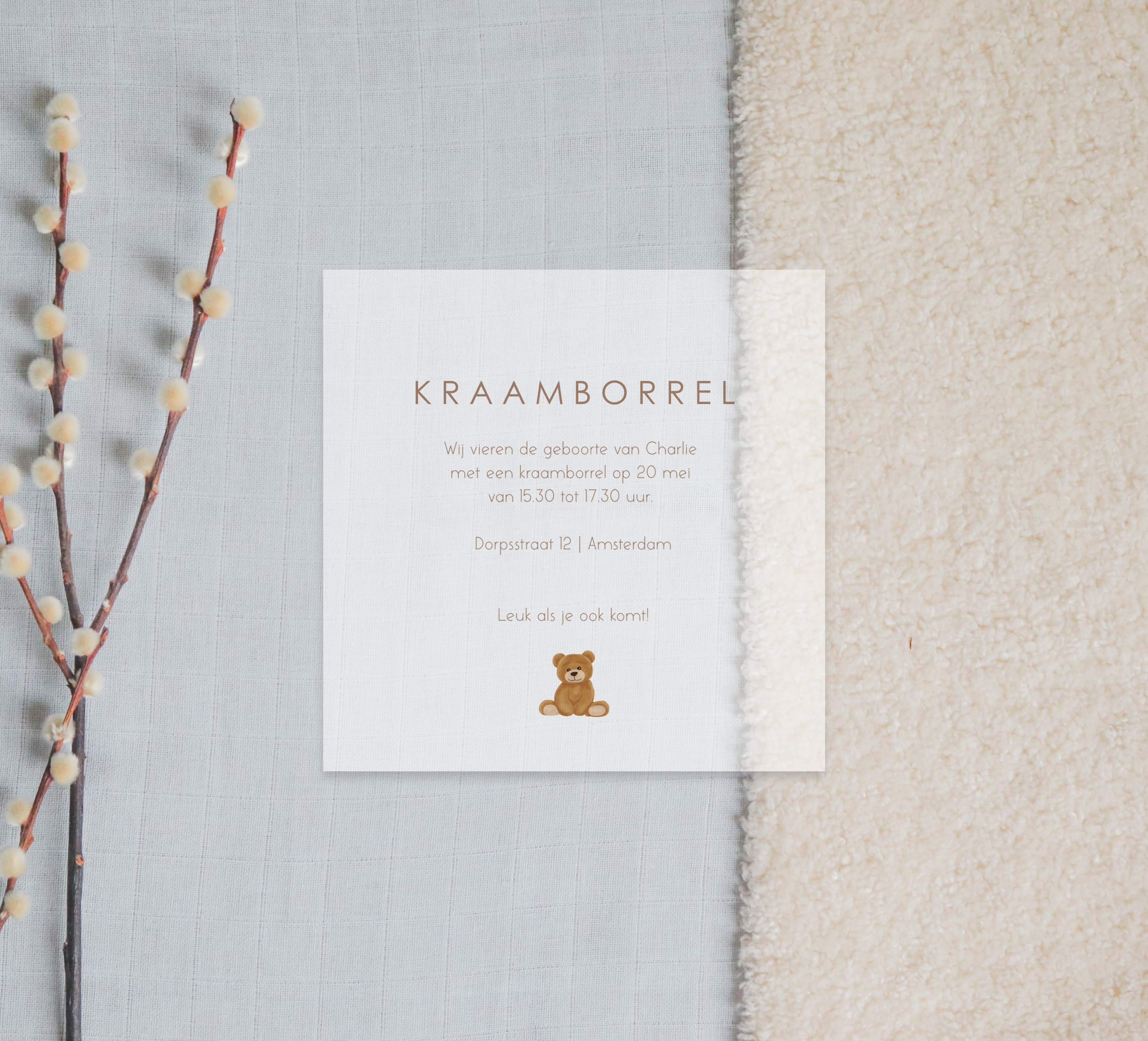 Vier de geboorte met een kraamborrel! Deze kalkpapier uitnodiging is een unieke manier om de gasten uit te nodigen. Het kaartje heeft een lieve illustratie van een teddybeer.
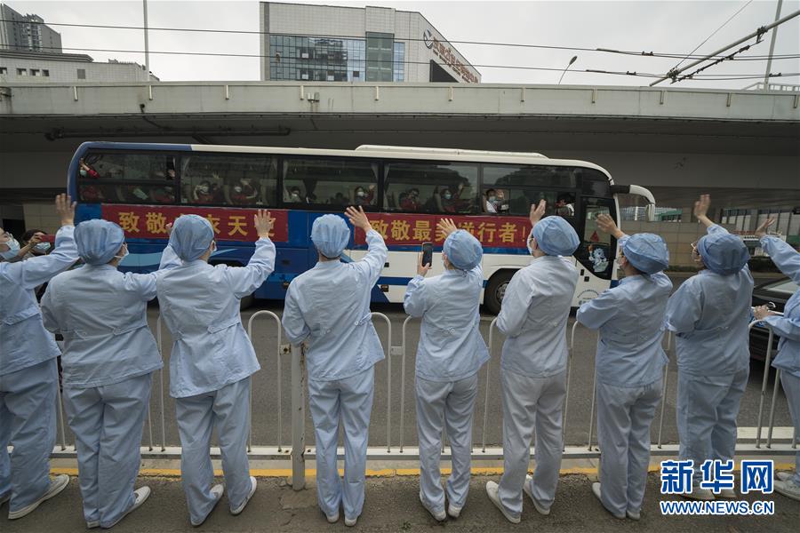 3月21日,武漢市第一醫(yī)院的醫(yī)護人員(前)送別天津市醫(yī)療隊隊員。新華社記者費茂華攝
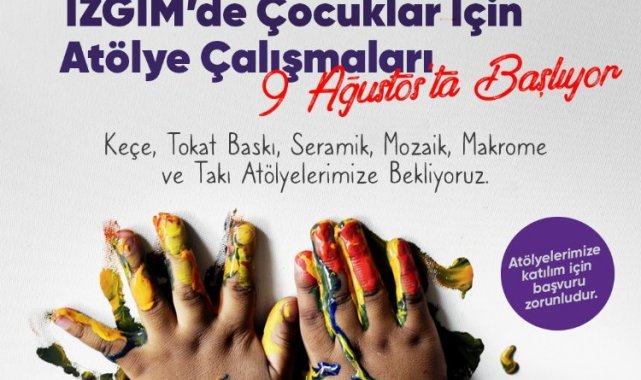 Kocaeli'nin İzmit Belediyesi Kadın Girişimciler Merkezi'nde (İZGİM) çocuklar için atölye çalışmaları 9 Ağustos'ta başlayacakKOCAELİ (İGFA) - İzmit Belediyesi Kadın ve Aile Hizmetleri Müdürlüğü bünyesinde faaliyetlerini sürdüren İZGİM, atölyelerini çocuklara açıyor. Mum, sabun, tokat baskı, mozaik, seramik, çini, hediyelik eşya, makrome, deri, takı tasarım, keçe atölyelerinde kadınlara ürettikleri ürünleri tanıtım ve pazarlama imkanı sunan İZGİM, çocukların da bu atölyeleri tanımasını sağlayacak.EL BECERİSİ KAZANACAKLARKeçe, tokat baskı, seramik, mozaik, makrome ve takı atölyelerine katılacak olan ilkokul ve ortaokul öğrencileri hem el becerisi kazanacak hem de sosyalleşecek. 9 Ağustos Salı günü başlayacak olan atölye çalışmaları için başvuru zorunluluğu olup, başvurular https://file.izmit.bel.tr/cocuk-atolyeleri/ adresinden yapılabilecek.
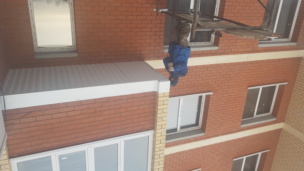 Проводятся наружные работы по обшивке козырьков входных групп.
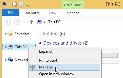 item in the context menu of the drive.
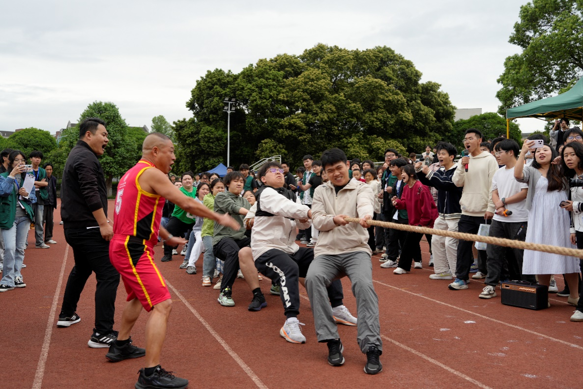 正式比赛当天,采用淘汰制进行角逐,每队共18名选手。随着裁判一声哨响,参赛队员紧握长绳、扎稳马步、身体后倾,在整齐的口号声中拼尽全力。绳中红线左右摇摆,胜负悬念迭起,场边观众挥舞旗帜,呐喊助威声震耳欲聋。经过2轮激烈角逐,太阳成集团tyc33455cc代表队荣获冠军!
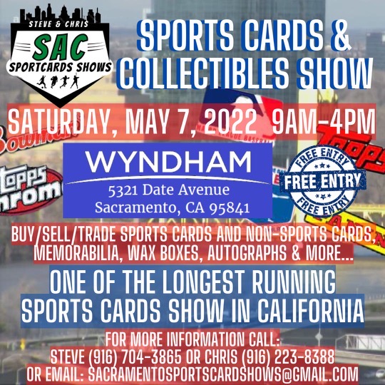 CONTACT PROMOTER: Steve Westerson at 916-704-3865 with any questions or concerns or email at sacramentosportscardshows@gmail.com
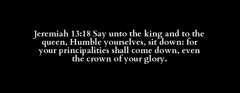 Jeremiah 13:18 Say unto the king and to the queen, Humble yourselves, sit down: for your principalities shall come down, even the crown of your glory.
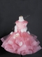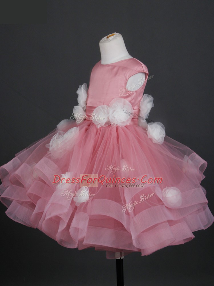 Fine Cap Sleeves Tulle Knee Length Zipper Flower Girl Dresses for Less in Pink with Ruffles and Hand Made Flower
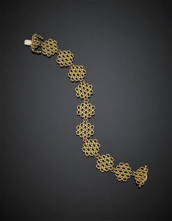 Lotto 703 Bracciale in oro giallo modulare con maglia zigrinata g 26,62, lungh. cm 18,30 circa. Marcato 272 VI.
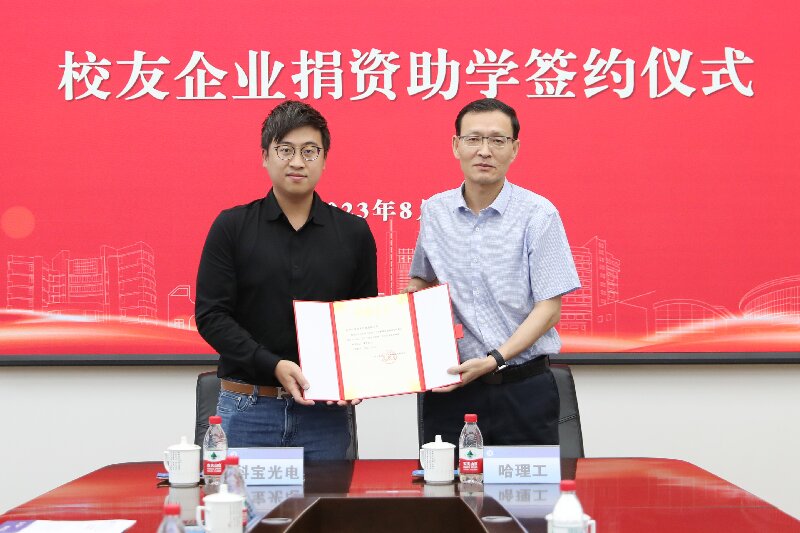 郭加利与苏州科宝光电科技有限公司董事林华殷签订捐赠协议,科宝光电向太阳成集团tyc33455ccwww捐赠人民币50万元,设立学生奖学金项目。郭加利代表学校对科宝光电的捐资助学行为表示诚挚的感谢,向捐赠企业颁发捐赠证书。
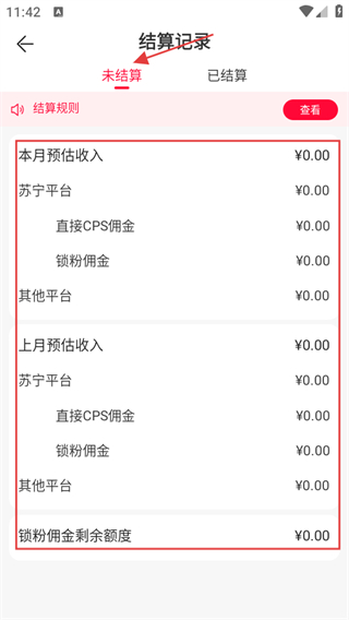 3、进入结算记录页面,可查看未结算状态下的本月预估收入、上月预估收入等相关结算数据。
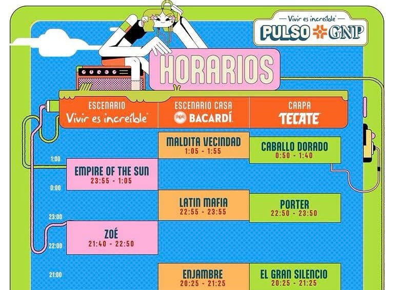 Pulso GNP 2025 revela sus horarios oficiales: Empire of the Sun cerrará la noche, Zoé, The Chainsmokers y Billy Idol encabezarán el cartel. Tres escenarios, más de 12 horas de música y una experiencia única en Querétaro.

EXERCISE PROMPT: Everything in the listing above must be restated word for word, except the images.

ANSWER SPACE:
 Vier de geboorte met een kraamborrel! Deze kalkpapier uitnodiging is een unieke manier om de gasten uit te nodigen. Het kaartje heeft een lieve illustratie van een teddybeer.
 3月21日,武漢市第一醫(yī)院的醫(yī)護人員(前)送別天津市醫(yī)療隊隊員。新華社記者費茂華攝
 Kocaeli'nin İzmit Belediyesi Kadın Girişimciler Merkezi'nde (İZGİM) çocuklar için atölye çalışmaları 9 Ağustos'ta başlayacakKOCAELİ (İGFA) - İzmit Belediyesi Kadın ve Aile Hizmetleri Müdürlüğü bünyesinde faaliyetlerini sürdüren İZGİM, atölyelerini çocuklara açıyor. Mum, sabun, tokat baskı, mozaik, seramik, çini, hediyelik eşya, makrome, deri, takı tasarım, keçe atölyelerinde kadınlara ürettikleri ürünleri tanıtım ve pazarlama imkanı sunan İZGİM, çocukların da bu atölyeleri tanımasını sağlayacak.EL BECERİSİ KAZANACAKLARKeçe, tokat baskı, seramik, mozaik, makrome ve takı atölyelerine katılacak olan ilkokul ve ortaokul öğrencileri hem el becerisi kazanacak hem de sosyalleşecek. 9 Ağustos Salı günü başlayacak olan atölye çalışmaları için başvuru zorunluluğu olup, başvurular https://file.izmit.bel.tr/cocuk-atolyeleri/ adresinden yapılabilecek.
 Проводятся наружные работы по обшивке козырьков входных групп.
 item in the context menu of the drive.
 正式比赛当天,采用淘汰制进行角逐,每队共18名选手。随着裁判一声哨响,参赛队员紧握长绳、扎稳马步、身体后倾,在整齐的口号声中拼尽全力。绳中红线左右摇摆,胜负悬念迭起,场边观众挥舞旗帜,呐喊助威声震耳欲聋。经过2轮激烈角逐,太阳成集团tyc33455cc代表队荣获冠军!
 CONTACT PROMOTER: Steve Westerson at 916-704-3865 with any questions or concerns or email at sacramentosportscardshows@gmail.com
 Jeremiah 13:18 Say unto the king and to the queen, Humble yourselves, sit down: for your principalities shall come down, even the crown of your glory.
 Fine Cap Sleeves Tulle Knee Length Zipper Flower Girl Dresses for Less in Pink with Ruffles and Hand Made Flower
 Lotto 703 Bracciale in oro giallo modulare con maglia zigrinata g 26,62, lungh. cm 18,30 circa. Marcato 272 VI.
 郭加利与苏州科宝光电科技有限公司董事林华殷签订捐赠协议,科宝光电向太阳成集团tyc33455ccwww捐赠人民币50万元,设立学生奖学金项目。郭加利代表学校对科宝光电的捐资助学行为表示诚挚的感谢,向捐赠企业颁发捐赠证书。
 3、进入结算记录页面,可查看未结算状态下的本月预估收入、上月预估收入等相关结算数据。
 Pulso GNP 2025 revela sus horarios oficiales: Empire of the Sun cerrará la noche, Zoé, The Chainsmokers y Billy Idol encabezarán el cartel. Tres escenarios, más de 12 horas de música y una experiencia única en Querétaro.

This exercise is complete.